Ink jet printers are popular and common in the computer field. These printers are described by W. J. Lloyd and H. T. Taub in "Ink Jet Devices," Chapter 13 of Output Hardcopy Devices (Ed. R. C. Durbeck and S. Sherr, San Diego: Academic Press, 1988) and U.S. Pat. Nos. 4,490,728 and 4,313,684. Ink jet printers produce high-quality print, are compact and portable, and print quickly and quietly because only ink strikes a print medium (such as paper).
An ink jet printer produces a printed image by printing a pattern of individual dots (or pixels) at specific defined locations of an array. These dot locations, which are conveniently visualized as being small dots in a rectilinear array, are defined by the pattern being printed. The printing operation, therefore, can be pictured as the filling of a pattern of dot locations with dots of ink.

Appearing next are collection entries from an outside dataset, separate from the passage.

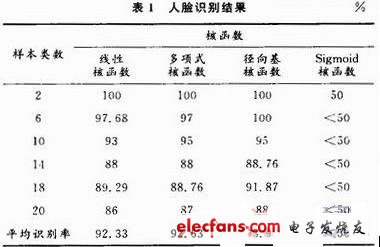 人臉識別屬于非線性問題,根據(jù)模式識別的理論,總可以將低維空間非線性可分得問題映射到高維空間,使其在高位空間線性可分。從而把非線性可分的問題轉(zhuǎn)化為線性可分問題。利用核函數(shù)K(xi,x)可將輸入向量x映射到高位空間進(jìn)行分類,此時(shí)最優(yōu)分類超平面的決策函數(shù)式變?yōu)椋?/p>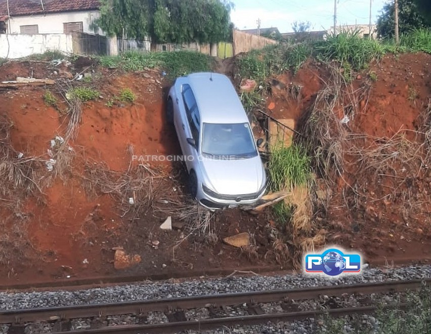PATROCÍNIO (MG) – A Polícia Militar foi acionada na manhã de quinta-feira, 1/1/26, após um veículo cair em uma ribanceira na Avenida Benedito Romão de Melo, no bairro Santa Terezinha, em Patrocínio, nas proximidades da passarela dos trilhos da linha férrea.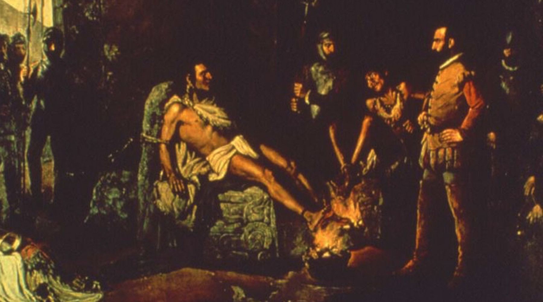 "испанцы подвергли его жестоким пыткам" - ну, культурно пообщались, обменялись культурами, взаимно разнообразили словарный запас.
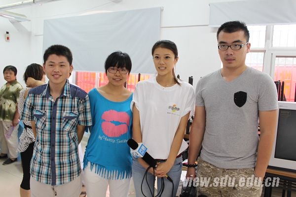 齐鲁电视台《小溪办事》栏目组特派员来到现场进行新闻报道。他们与SWAT社会实践团队的成员们亲切交流和沟通,对队员们热情服务、回报社会的精神给予高度赞扬,并合影留念。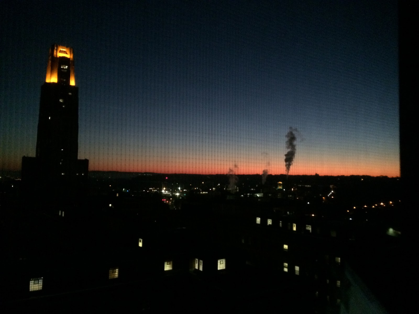 When I moved back to Pittsburgh from New York in 2016, I lived in the University of Pittburgh’s Tower B dormitory. I had a view of the Cathedral of Learning and the Bellefield boiler plant beyond it from my window, and after sleepless nights I’d watch the winter sun rise and silhouette the plant’s billowing steam against an orange smear of sky.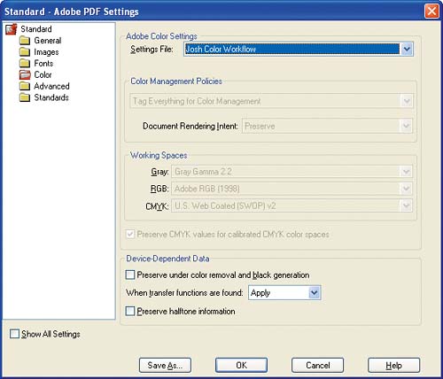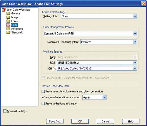 Leave Color Unchanged does not change the color values during the conversion process and does not embed profiles in the PDF file. This setting can be used in a tightly calibrated closed-loop environment where color is managed "by the numbers." Tag Everything for Color Management tags all objects with working-space profiles unless they contain embedded profiles. These profiles are used as the source color spaces when the PDF file is proofed or printed. No color conversion is performed during the PDF file creation. This is the ideal option if you want to create a PDF file that can be used as a comp, soft proof, or proof, or to generate separations (which we'll cover later in this chapter), and it was chosen in my custom photo workflow. Tag Only Images for Color Management works the same as Tag Everything, except that only images are tagged. All other elements are untagged. Convert All Colors to sRGB converts all color values to the sRGB space using embedded and working-space profiles as the source of the data. Although sRGB is a device-independent color space, it is not large enough to be useful for printing. This option is useful when the PDF file will be used on the Web. Convert All Colors to CMYK converts all color values to the CMYK space using embedded and working-space profiles as the source of the data. This option is useful when the PDF file will be sent to a commercial printer for printing. The Document Rendering Intent option determines how out-of-gamut colors will be mapped during the PDF conversion process. This option can be overridden by the selection of a rendering intent in the Print dialog box of an application.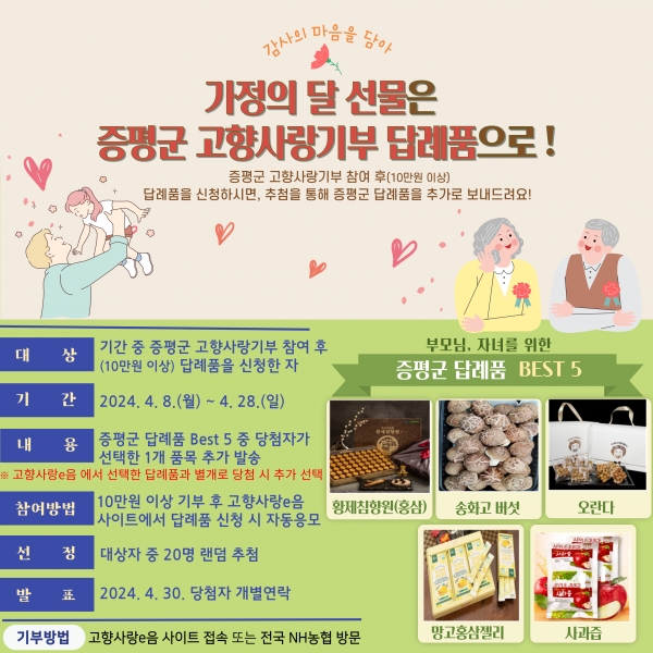 [충청뉴스큐] 충북 증평군이 5월 가정의 달을 맞이해 고향사랑 기부자에게 답례품을 추가로 제공하는 이벤트를 개최한다.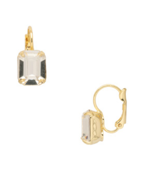 The Octavia Dangle Earrings feature a small emerald cut crystal dangling from a lever-back French wire.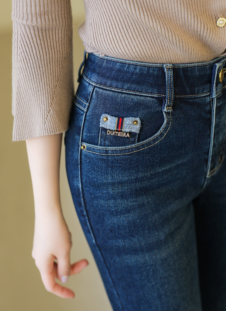 레니아 테이핑 포인트 히트 기모 라인 슬림 부츠컷 데님 팬츠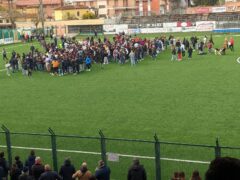I quasi 2.000 del Bianchelli hanno potuto festeggiare la matematica promozione dopo il 2-1 sul Valdichienti abbandonandosi poi a una invasione di campo inevitabile e ad una festa nelle vie del centro, durata in piazza del Duca fino a tarda sera.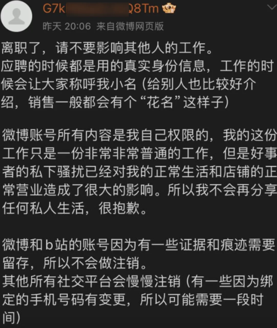 楊某媛表示,自己的工作、生活以及品牌門店都因此事造成了重大影響,所以她不得不辭職,而且她今後不會在社交媒體發任何私人生活的東西,而且她的一些社交平台她也會慢慢註銷掉……
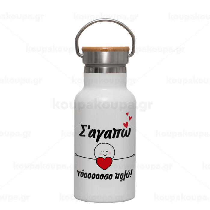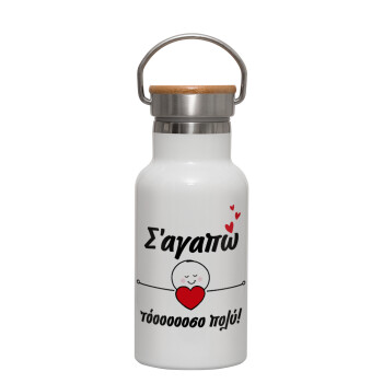 Σ΄αγαπώ τόοοοσο πολύ (Κορίτσι)!!!, Μεταλλικό παγούρι θερμός (Stainless steel) Λευκό με ξύλινο καπακι (bamboo), διπλού τοιχώματος, 350ml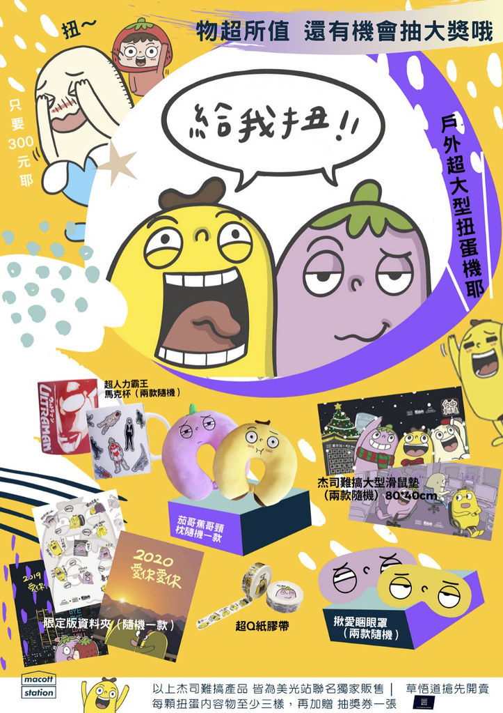 接著是「杰司·難搞」主題的周邊區,茄子哥與香蕉哥的可愛造型與日常感十足、但往往觸動內心的對話,一定擄獲了不少玩具人吧!這次快閃店帶來了月曆、明信片、資料夾......等生活小物,而且之後還會有頸枕、眼罩、雙層杯這類商品登場,粉絲們可別錯過囉!而且只要出示「玩具人文章截圖」即可兌換「限量版杰司·難搞文件夾乙個」(數量有限,換完為止)。

Ink jet printers print dots by ejecting a small volume of ink onto the print medium. These small ink drops are positioned on the print medium by a moving carriage that supports a printhead cartridge containing ink-drop generators. The carriage traverses over the print medium surface and positions the printhead cartridge depending on the pattern being printed. An ink supply, such as an ink reservoir, supplies ink to the drop generators. The drop generators are controlled by a microprocessor or other controller and eject ink drops at appropriate times upon command by the microprocessor. The timing of ink drop ejections typically corresponds to the pixel pattern of the image being printed.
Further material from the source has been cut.